To test the importance of the lysine residue in the QTK loop in topo II reactions, we generated site-specific mutations converting lysine to arginine, glutamine, and glutamate (see "Experimental Procedures"). The homologous residue of Lys337 of gyrB is Lys359 in Drosophila enzyme (Fig. 1B). The activity of the site-specific mutants was first tested by genetic complementation assays that were based on our previous observation that a functional Drosophila top2 gene could rescue either a conditional yeast top2 mutation (16) or a null mutation (18). In these in vivo functional assays, the K359R mutant is active but K359Q and K359E are not (data not shown). These results are also confirmed by the topoisomerase assays in which the crude extracts yeast cells expressing K359R are active, whereas those expressing K359Q and K359E are inactive (data not shown). Therefore, both in vivo and in vitro assays suggest that lysine is critical for topoisomerase functions; a homologous substitution with arginine does not significantly alter topoisomerase activities, and mutations converting it into glutamine and glutamate result in a loss of its activities.

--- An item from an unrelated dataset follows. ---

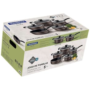 Características: Marca: Tramontina Modelo: Sicília Tipo: Jogo de panelas Quantidade de panelas: 5 panelas Material: Alumínio Revestimento externo: Antiaderente starflon Revestimento interno: Antiaderente starflon Tampa: Vidro temperado Cabo: Baquelite antitérmico Alças: antitérmico Pegador: Nylon Possui utensílio: Não Código de barras 7891112279056

Purification of K359Q and K359E Mutant Proteins and Their Biochemical Characterizations-- To analyze the effects of substitutions of Lys359, we have purified wild-type topo II and K359Q and K359E mutant proteins from overproducing yeast cells. The cleared extracts were fractionated on a cation-exchange column (BioRex-70), followed by anion exchanger chromatography (Poros HQ), and affinity chromatography (Poros HE). Wild-type and mutant proteins all had identical elution profiles in these chromatographic steps (see "Experimental Procedures") and were purified to over 90% homogeneity (Fig. 2).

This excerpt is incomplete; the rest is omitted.